Last month's vote by the United Kingdom to leave the European Union has left a lot of unanswered questions. One is what will happen to the 2.5 million EU residents who now work in the U.K. Many employers say sending them home would be a disaster for the British economy.
Go into any store or restaurant in Greater London and the chances are good the people working there are from the EU. They teach in Britain's schools, pick its crops and build its houses. They're prominent in finance and medicine.
"You can't go to a hospital now and get treated without the likelihood of some doctor or nurse being an EU migrant, so we're hugely reliant in many key sectors on the free movement of labor," says Seamus Nevin of the Institute of Directors, which represents employers.
Britain didn't used to be a country of immigrants. But these days some 300,000 more people settle in the country each year than leave, says Madeleine Sumption, director of the Migration Observatory at Oxford.
"There has been a lot of change in a relatively short period of time and the European Union has played quite an important role in this," she says.
Sumption says EU membership allowed a lot of people to work in Britain without visas and immigration spiked after Poland and other Eastern European countries were admitted roughly a decade ago.
More recently, a lot of people have come to Britain to escape the economic downturn in southern Europe.
Twenty-two-year-old Raquel Gallego, who was sitting in Trafalgar Square not long ago, came from southern Spain to become an au pair.
"In Spain there are no jobs and little opportunity, and I always liked London and England so it was just the moment to do it," she says.
Gallego says she wants to settle in London and work with disabled children. Right now she can stay as long as she wants. But many people in Britain believe immigration is dragging down wages, especially for low-skilled work, and true or not those fears played a part in June's Brexit vote. The vote has left the status of foreign workers uncertain.

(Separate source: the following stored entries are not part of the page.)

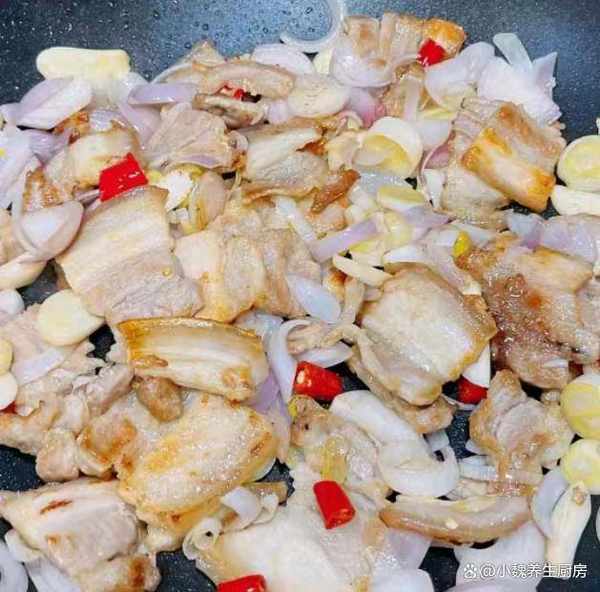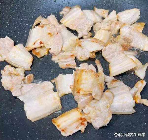 第四步:另外起鍋加上橄欖油,將油溫燒到8成熱,倒入醃制好的五花肉,慢慢小火煎一會兒,將肥油都炒出來,迅速翻炒均勻。
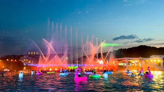 スプラッシュ ビーツ ファウンテンナイトプール仕様の噴水ショーです。ライトアップされた噴水と音楽、照明が融合し、ナイトプールをさらに盛り上げます。
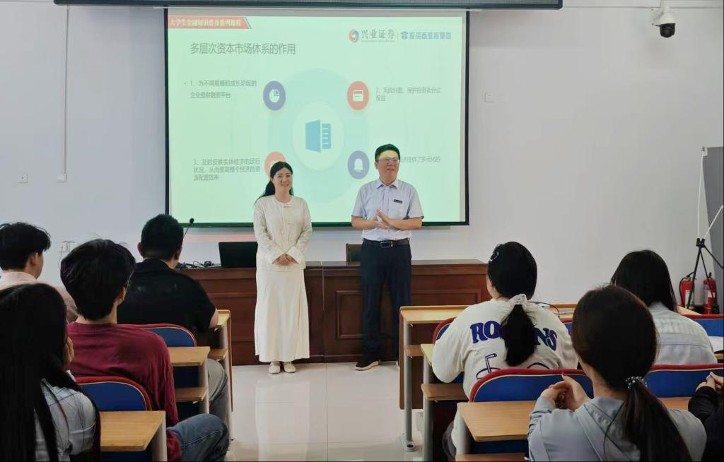 在理论课堂环节,学院教师率先登场,以扎实的学术功底为同学们搭建起资本市场的理论框架。她从资本市场的定义、分类出发,系统阐述了资本市场的功能、运行机制和监管体系,结合经典金融理论,为同学们详细解读了资本市场的基本概念与运作原理。随后,兴业证券的行业专家结合当下金融市场动态,以真实企业投融资案例为切入点,深入剖析资本市场的实际应用。在问答环节,同学们的提问一个接着一个,企业专家始终耐心回应,将晦涩的专业知识转化为通俗易懂的行业洞察,让整个课堂充满思维碰撞的火花。
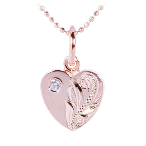 This beautiful pink gold plated heart pendant is made with 925 Sterling Silver with CZ inlaid. Hand-made scroll and Plumeria engraving. 925 Sterling Silver means the silver is alloyed with 92.5% of pure silver and 7.5% of other metal(usually copper). It is the highest concentration of silver allowed in jewelry. Please contact us if you have any question.
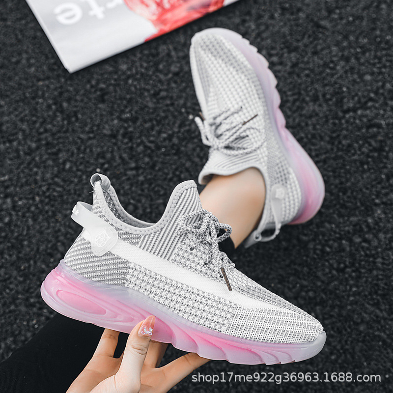 2022跨境电商夏季女士休闲果冻底透气旅游鞋飞织网面跑步鞋
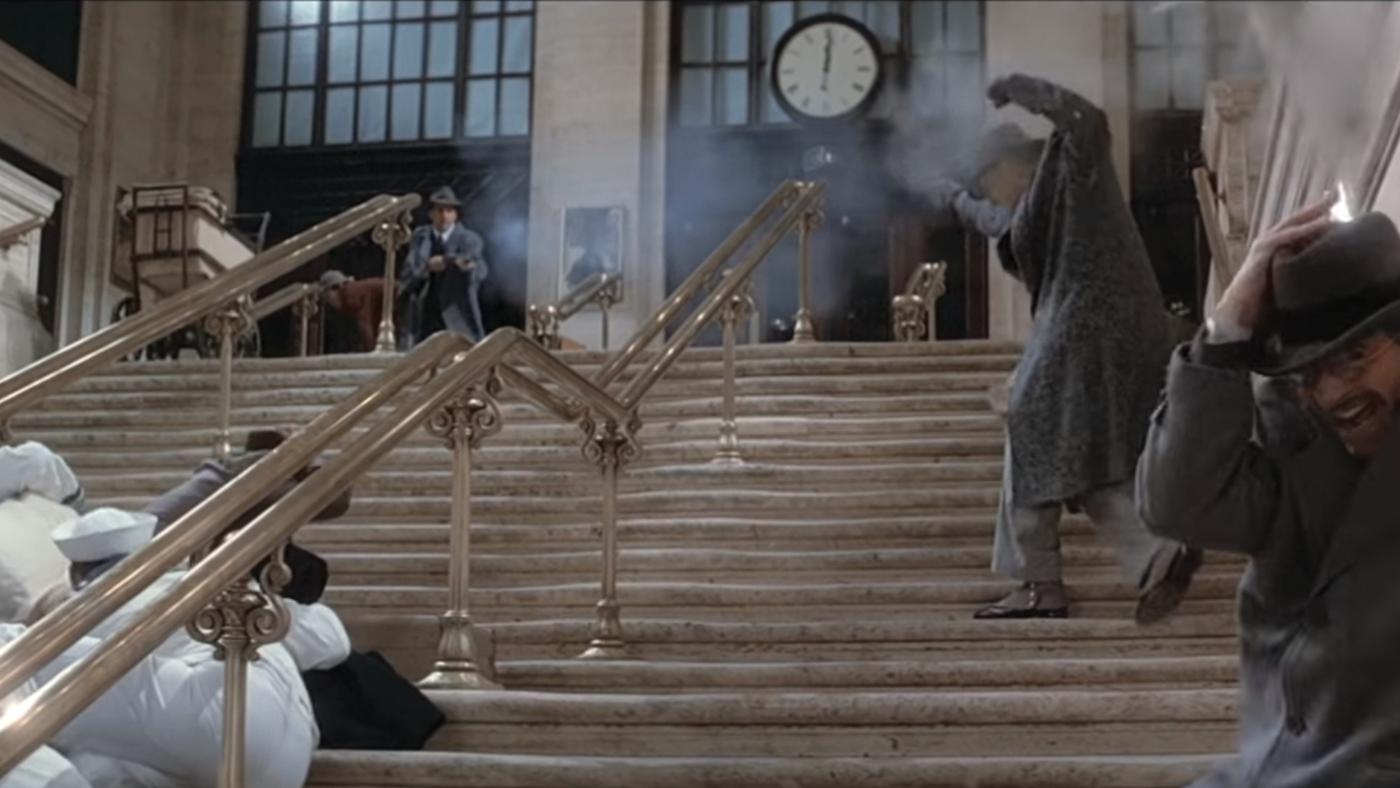 On screen, the station is the setting for one of the film’s most famous action sequences: the escalator shootout, where Eliot Ness (Kevin Costner) and his team have a shootout with gangsters led by Al Capone (Robert De Niro). Its stations dramatic architecture — soaring ceilings, marble floors, and wide staircases — provides a drmatic background for the tension in the movie scene.

Gallego's friend, Sanne Krukkert, who's from the Netherlands, says a lot of longtime immigrants she knows are considering leaving Britain.

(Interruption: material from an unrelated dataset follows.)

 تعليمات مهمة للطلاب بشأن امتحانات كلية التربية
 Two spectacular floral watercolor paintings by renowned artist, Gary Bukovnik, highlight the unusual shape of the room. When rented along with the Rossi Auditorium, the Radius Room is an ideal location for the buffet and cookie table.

"I know a lot of people they are not feeling English anymore, and they're like for the first time ever I feel like I'm from a different country and I'm not from here anymore," Krukkert says.
The British government has promised to protect the rights of EU immigrants who stay in the country. But Oxford's Sumption says it's not clear what that means or what kind of immigration controls will emerge.
"I think it's very much conceivable that for new people who haven't got here yet there will be a fundamentally different set of policies and it will be much harder to come to the U.K.," she says. "For people who are already living here there is a much more complicated set of questions."
One option is a points-based system that allows higher-skilled EU immigrants to remain in the country. There have also been reports that European officials are weighing whether to permit Britain to stay in the single market but allow it to bar new immigrants for up to seven years.
Nevin, of the Institute of Directors, says the U.K. has to find a way to get immigration under control without closing itself off to the world.
"It's important that the U.K. continues, as it has done throughout its history, to be an open economy that's outward facing and engaged with the world," he says.
Nevin says Brexit was a wakeup call and the government can't afford to ignore it. But it has to do so knowing that EU labor has become essential in Britain — and that it's hard to imagine the economy without it.